Good Christian Roy Moore: Hate gays, loves girls (allegedly).
Good Christian Roy Moore: Hate gays, loves girls (allegedly). Scott Olson/Getty Images

Roy Moore, the Republican nominee to fill Jeff Session's vacated Alabama Senate seat, is known as the "Ten Commandment Judge," a nickname he received after refusing to remove a 5,280-pound granite monument of the Ten Commandments from the Alabama Judicial Building, even after a federal court order. For this, Moore was dismissed from his seat in 2003. Alas, it wouldn't be the last time: In 2012, after again being elected chief justice of the Alabama Supreme Court, Moore was dismissed again, this time for telling probate judges not to issue marriage licenses to same-sex couples. But not only is Moore a raging homophobe with good "Christian values," turns out, he, also allegedly likes teen girls.

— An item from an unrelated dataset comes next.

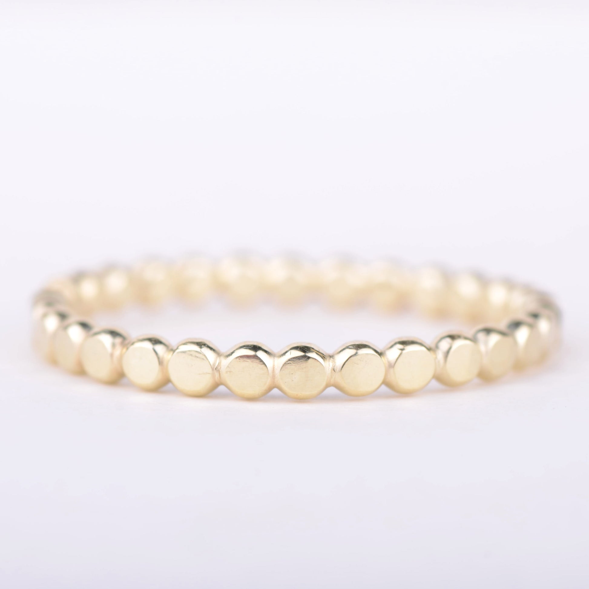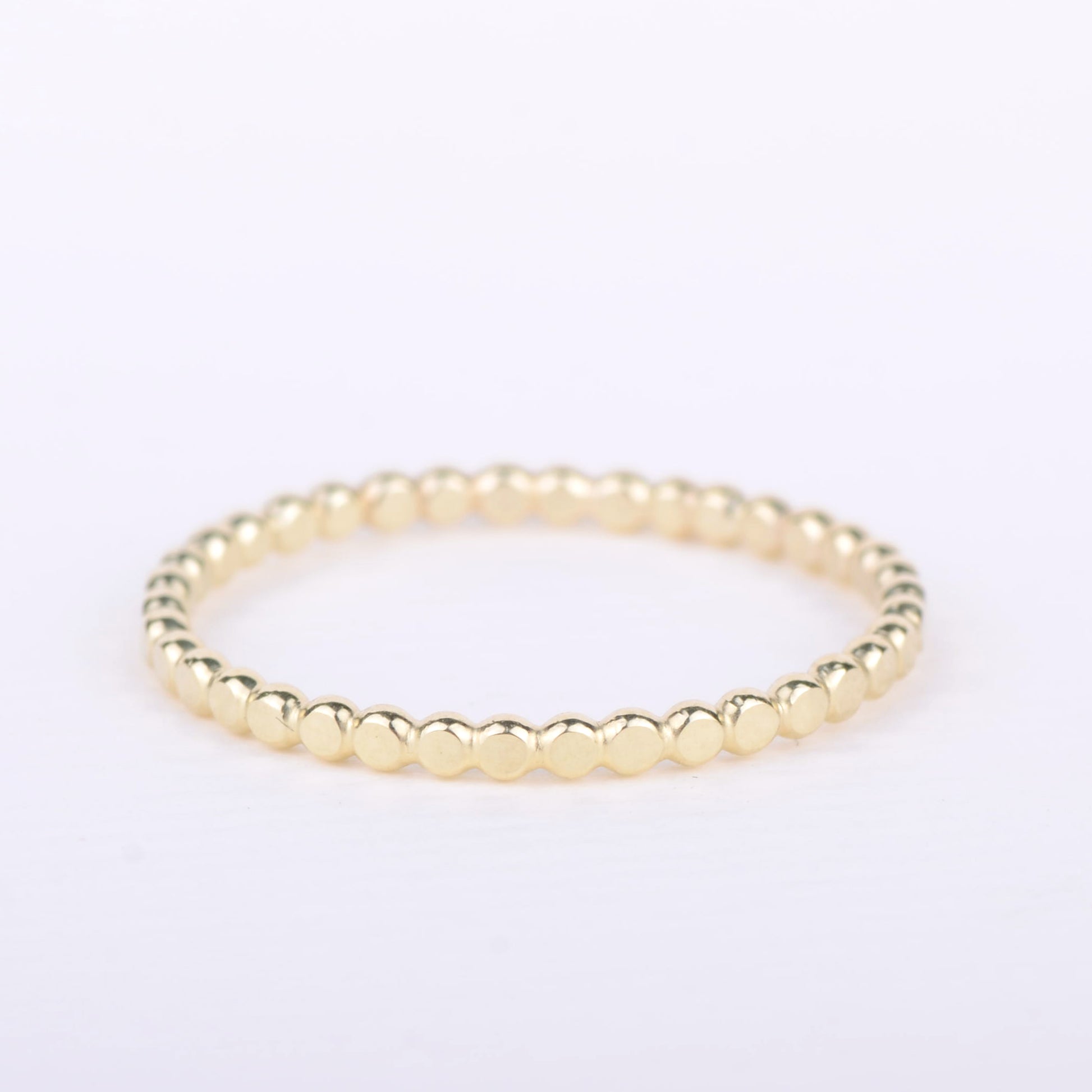 Een prachtige ring als een rits parels gemaakt van 14k goud. Lichtjes plat gehamerd krijgt de ring een mooie glans. Perfect te combineren in een stack.

The Washington Post broke the story Wednesday. Moore has been accused by Leigh Corfman of pursuing her in 1979, when she was just 14. Moore, at the time was a 32-year-old assistant district attorney in Alabama, picked her up outside of a court house. The legal age of consent in Alabama, both then and now, is 16. Corfman describes their relationship:

Alone with Corfman, Moore chatted with her and asked for her phone number, she says. Days later, she says, he picked her up around the corner from her house in Gadsden, drove her about 30 minutes to his home in the woods, told her how pretty she was and kissed her. On a second visit, she says, he took off her shirt and pants and removed his clothes. He touched her over her bra and underpants, she says, and guided her hand to touch him over his underwear.

“I wanted it over with — I wanted out,” she remembers thinking. “Please just get this over with. Whatever this is, just get it over.” Corfman says she asked Moore to take her home, and he did.

Two of Corfman’s childhood friends say she told them at the time that she was seeing an older man, and one says Corfman identified the man as Moore. Wells says her daughter told her about the encounter more than a decade later, as Moore was becoming more prominent as a local judge.

The Post also spoke with three other women who say Moore pursued them when he was in his early 30s and they were between 16 and 18.

Moore, now 70, denies the allegations. “These allegations are completely false and are a desperate political attack by the National Democrat Party and the Washington Post on this campaign," he said in a statement." And later, “this garbage is the very definition of fake news.”

Moore faces Doug Jones, a former U.S. attorney, in a special election on December 12.